URI’s Art Department welcomes Printmakers’ Network of Southern New England

 

The University of Rhode Island’s Art Department will be welcoming three artists from the Printmakers’ Network of Southern New England as guests in multiple printing classes next week. The group’s work is currently being featured in the Main Art Gallery, located in the Fine Arts Center.

Barbara Pagh, one of the group’s original members, is a professor in the Arts department, and was instrumental in bringing this exhibit, “Pressing On”, to the University.

“We have gallery committee, so I proposed it as an exhibition,” Pagh said. “We try to have different media in this space; this exhibition was important for the printmaking students here to be able to come see.”

Pagh, a printmaker as well as a professor, has been with the group since its formation in 1992. She became interested in printmaking as an undergrad, and studied it in grad school.

“Through printmaking, in many cases, you can make multiple copies,” Pagh explained. “There are various processes involved in it, such as woodcut, linoleum cut, lithography, calographs and screen printing.”

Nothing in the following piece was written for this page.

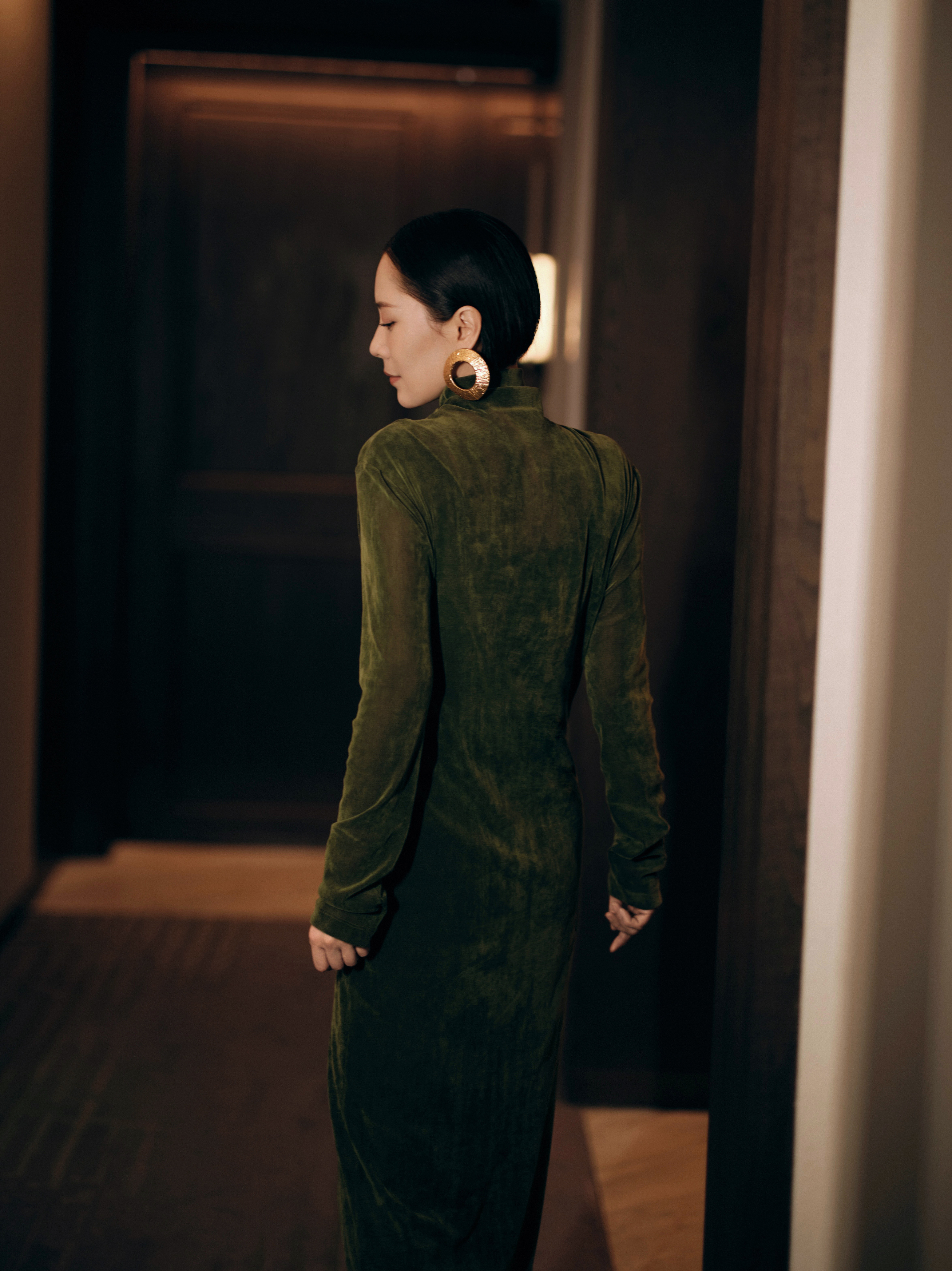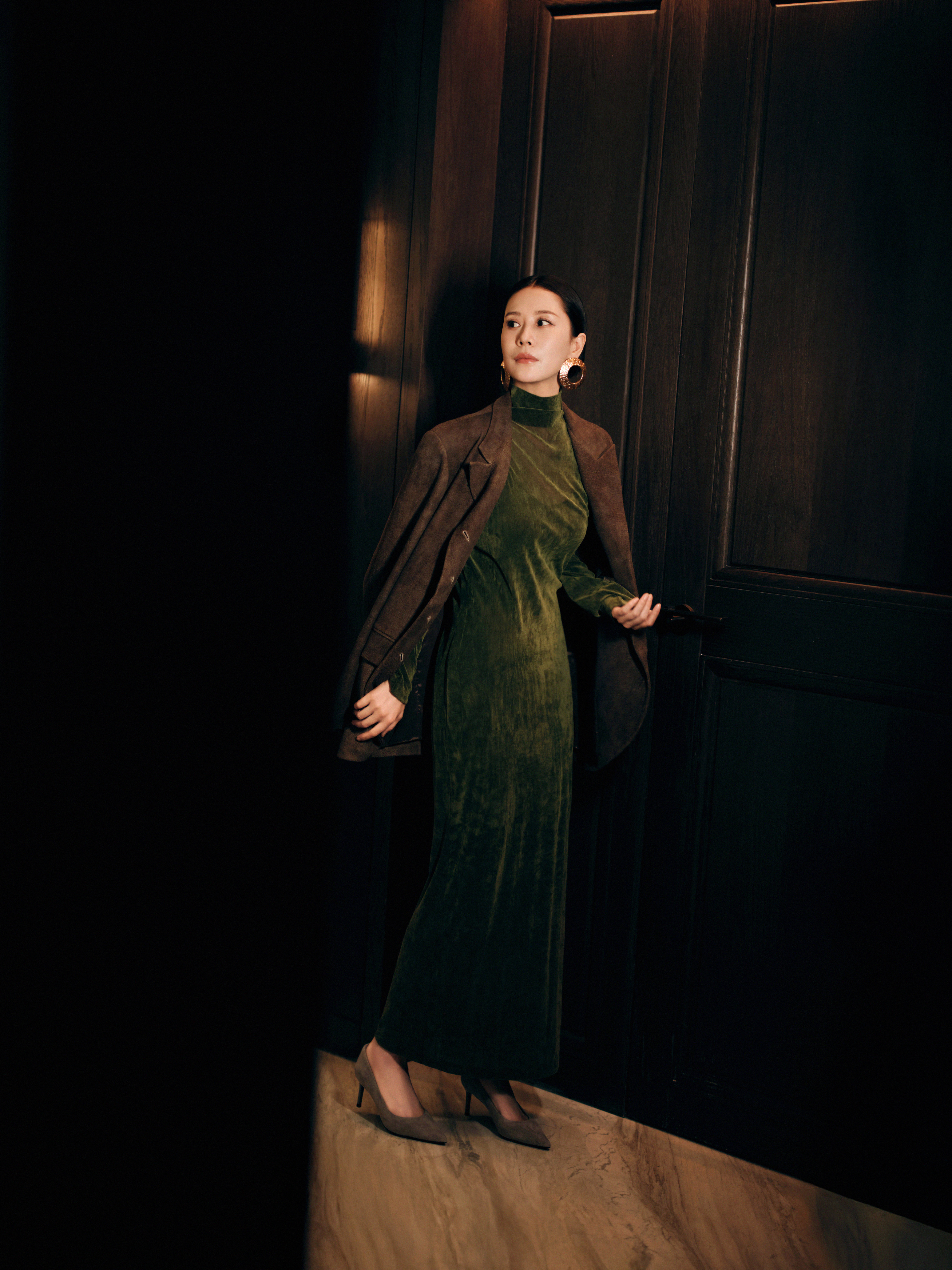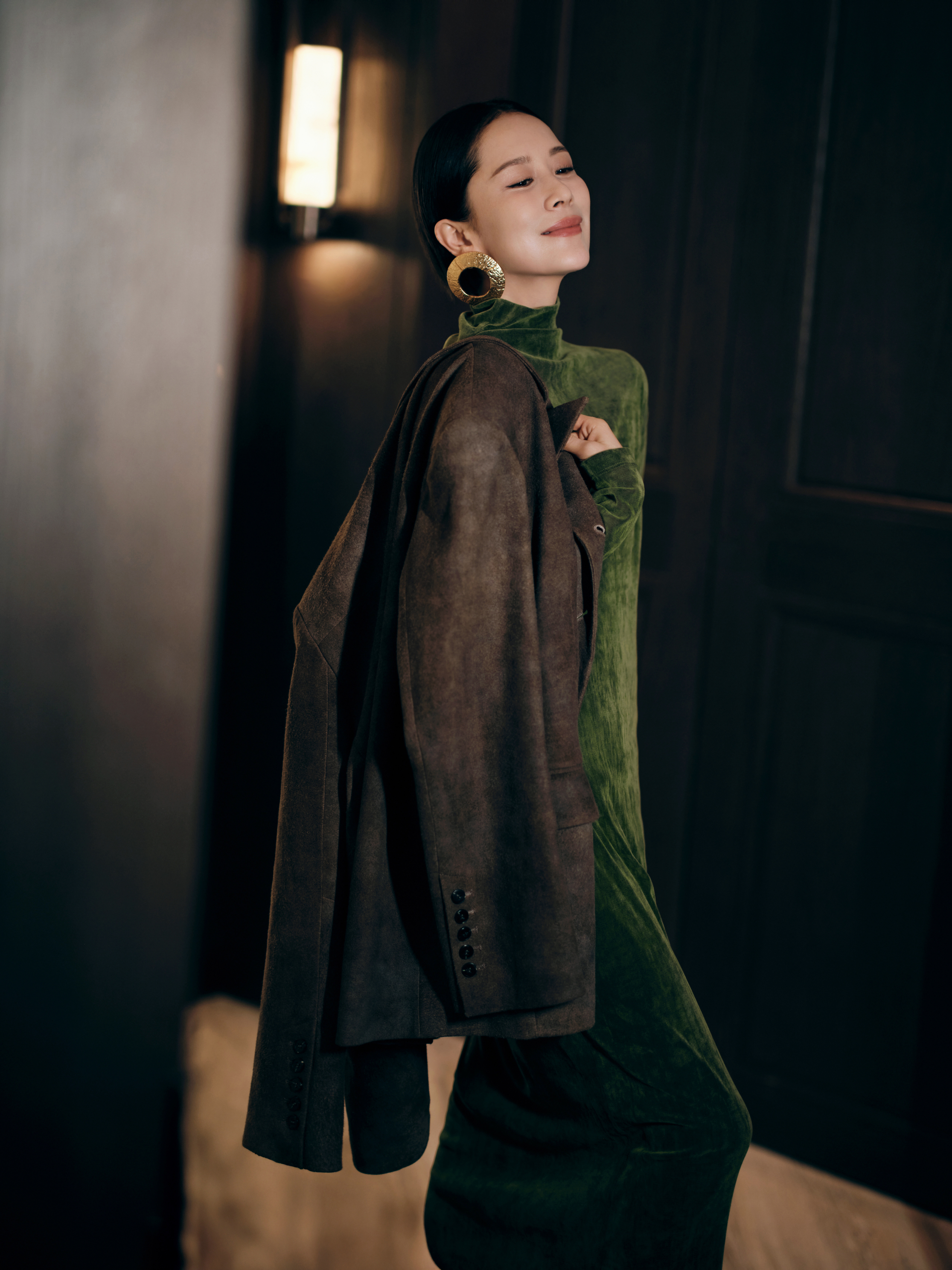 海清一袭复古棕麂皮西装搭配墨绿色丝绒长裙亮相ZHUCHONGYUN 活动现场,沉静神秘的墨绿质感呈现温柔知性的复古风格,衬托出海清从容干练的气场,撞色穿搭的优雅典范,整个高级感拉满,姐这状态也太顶了!

On Monday, Wednesday and Thursday of next week, members of the group will be doing technique demonstrations for printmaking students. Pagh explained some of the ideas that the classes have been learning, including different techniques and histories of different style. Lithography is one of the more common style of printmaking, and some students are actually able to learn on the medium that it originated: limestone.

“It was invented in the late 1700s, and it was originally done on limestone,” she explained. “We have limestones here; some students actually get to draw on the limestone. Honoré Daumier was one of the first people to use lithographs. In the 1800s, he worked for a French newspaper, where he did editorial cartoons. He would draw on stone, and which was then turned into prints from that stone.”

Of the 30 members of the group, about 25 artists have pieces on display in the exhibition. One of the artists, Johnny Adimando, just recently received the 2016 RISCA Fellowship in Drawing and Printmaking. His work in the exhibition stands out as the only piece that is not framed. It uses a variety of methods and mediums, and hangs on the wall by tacks. Other pieces in the gallery are representative of some newer and more novel styles of printmaking.

“There are a lot of different techniques, and we have most of the techniques represented within the group,” Pagh said. “There are new techniques also; we have a few people that are working with digital print making. The whole idea of that is that you’re making an original work of art on the computer and printing it out.”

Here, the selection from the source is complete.